# Industar 61 vs 61 L/D vs L/Z



## kovacs22 (Mar 22, 2016)

Can someone please explain to me the differences between these three lenses that go with the Fed3 film cameras? From what I've read, the L/D and the L/Z are macro lenses. Will you need an adapter to fit the L/D and L/Z lenses to a Fed3 camera? Is one superior in quality over another?
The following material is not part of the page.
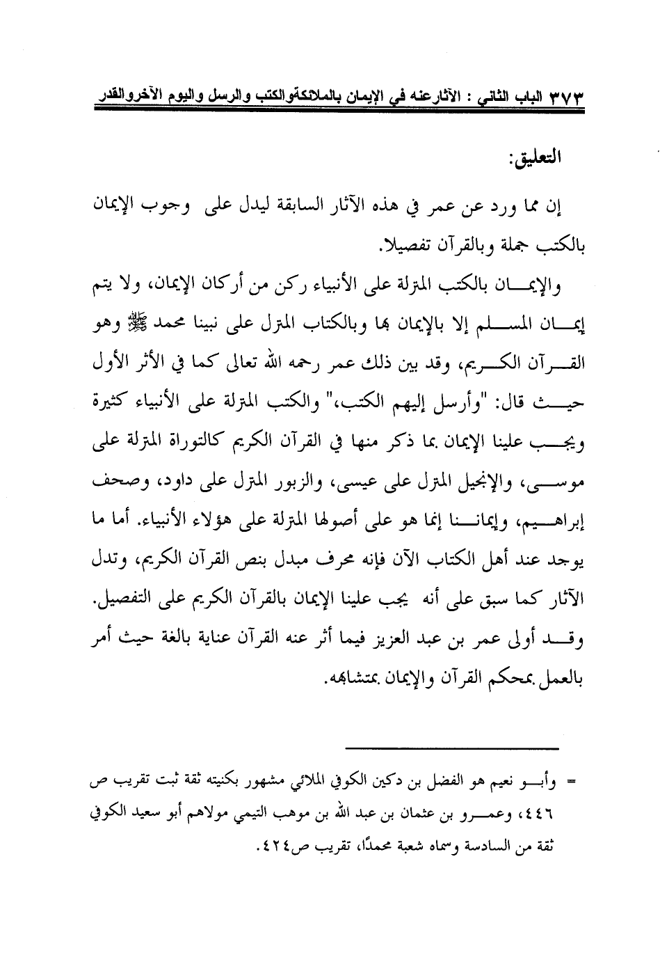 إن مما ورد عن عمر في هذه الآثار السابقة ليدل على وجوب الإيمان بالكتب جملة وبالقرآن تفصيلا.

I currently have the regular Industar 61 lens on my Fed3, and I'm looking into upgrades. 

Are there any other compatible lens upgrades to the Fed3 film cameras, by Fed or others?

Thanks in advance!


----------



## compur (Mar 22, 2016)

You might get more info by asking your question on rangefinderforum.com, especially the soviet RF section.


----------



## gsgary (Mar 22, 2016)

Any LTM lens will fit 39mm screw lenses


----------



## Derrel (Mar 22, 2016)

compur said:
			
		

> You might get more info by asking your question on rangefinderforum.com, especially the soviet RF section.



Yes, rangefinderforum.com or the manual focus forum would be the places that would most likely have Industar afficionados.


----------



## kovacs22 (Mar 22, 2016)

Thanks, I'll check out that forum and the Leica LTM 39mm lenses.


----------



## gsgary (Mar 23, 2016)

kovacs22 said:


> Thanks, I'll check out that forum and the Leica LTM 39mm lenses.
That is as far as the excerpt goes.